DEP Invests $3.4 Million for Agricultural Outreach Program and Assistance

HARRISBURG – The Department of Environmental Protection (DEP) has announced a $3.4 million investment in an all-new agricultural outreach and assistance program, the Regional Agricultural Watershed Assessment Program, to improve water quality in six different watersheds throughout the state.

“This project will allow DEP staff to work directly with farmers and our partners in the county conservation districts to develop solutions tailored to their farm and their watershed.” DEP Secretary Chris Abruzzo said. “Anytime we can work as partners with the agricultural community great things happen.”

About $600,000 from the Environmental Stewardship Fund, commonly referred to as the Growing Greener Program, has been budgeted for each watershed, for a total investment of $3.4 million to assist farmers in the planning and installation of Best Management Practices (BMPs). DEP is finalizing the selection of six small agriculturally impaired watersheds, one in each of DEP’s regions, to be included in the program.

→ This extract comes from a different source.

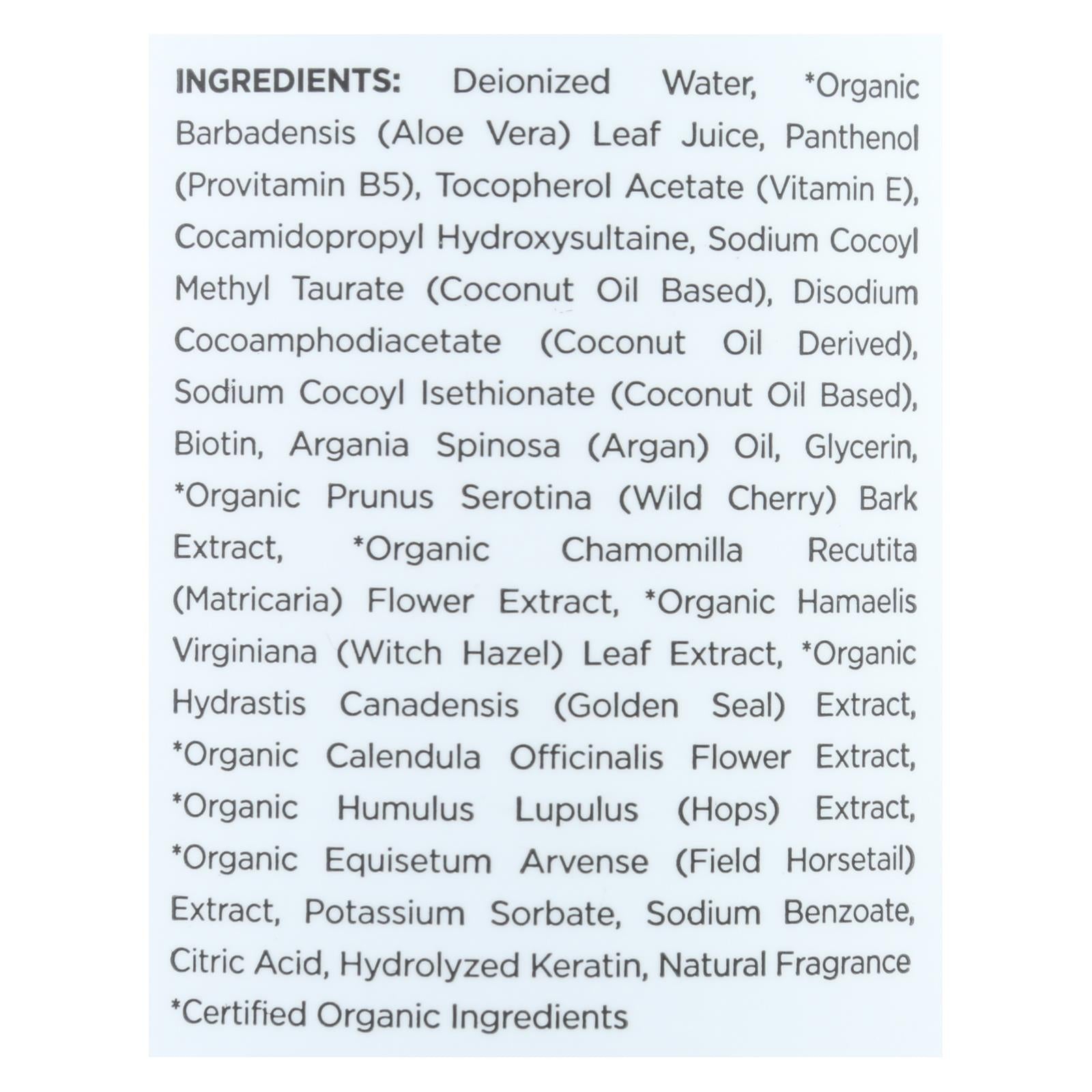 ingredients : deionized water;organic barbadensis;aloe vera;leaf juice;panthenol;provitamin b5;tocopherol acetate;vitamin e;cocamidopropyl hydroxysultaine;sodium cocoyl methyl taurate;coconut oil based;disodium cocoamphodiacetate;coconut oil derived;sodium cocoyl isethionate;biotin;argania spinosa;argan;oil;glycerin;organic prunus serotina;wild cherry;bark extract;organic chamomilla recutita;matricaria;flower extract;organic hamaelis virginiana;witch hazel;leaf extract;organic hydrastis canadensis;golden seal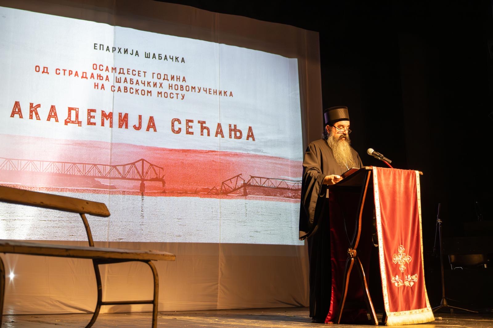 За нас, православне хришћане, та два вида памћења – литургијско и културално – суштински су неодвојива и представљају јединство. Зато ћемо вечерас по први пут на овај начин, уметничким програмом, да поменемо и прославимо наше невино пострадале предке – мученике, надовезујући се тако на јучерашњи парастос њима. Ова академија сећања представља истовремено и позив свима нама, како у Шапцу тако и у другим градовима у Србији у којима су се догодили слични злочини, да не заборавимо невине жртве комунистичког терора, јер по речима блаженопочившег Патријарха Павла: Зло које је заборављено, сакривено и неокајано, постаје извориште нових зала.

The investment in the Regional Agricultural Watershed Assessment Program will enable DEP staff to develop a working relationship with farmers in the selected watershed. Together with the farmers, DEP will set up initial farm visits to note any potential areas for environmental improvement. Each farm in the program will receive a list of recommended BMPs based on the findings of DEP’s initial visit.

After the first visit, farmers will be encouraged to contact their local conservation district for assistance in planning and implementing the suggested BMPs. They will also receive funding to install Growing Greener Program approved BMPs. Regional DEP staff will follow up with the farmers to check on the status of their plans and BMP installation.

After project progress is underway, DEP will work with the farmer to plan a final visit to ensure that the farmer is well-equipped to implement the recommended BMPs.

Water quality sampling will be conducted in the each of the six watersheds to study the effectiveness of this approach.

The Regional Agricultural Watershed Assessment Program was created as a result of a successful pilot program in Soft Run, Mifflin County. In September 2012, DEP, with the support of the Mifflin County Conservation District, began an agricultural compliance project in the Soft Run Watershed. This watershed had water quality issues related to agricultural impairment.

The pilot program created an opportunity for conservation district staff to advise the 19 local farmers on BMPs best suited for pollution prevention in the Soft Run Watershed. This effort to improve water quality encouraged DEP to take this successful approach across the state.

Since 1985, agriculture in Pennsylvania has reduced nitrogen pollution by over 13 million pounds per year. Nineteen percent of all nitrogen reductions made in restoring the Chesapeake Bay have been made by Pennsylvania’s agriculture community. Farmers have also spent nearly $15 million for BMP installation and equipment, including no-till planters and drills.

DEP continues to work with agricultural producers to improve the 5,705 miles of impaired streams in the state and find creative, cost effective solutions to improve water quality for the continued environmental health and safety of Pennsylvania’s citizens.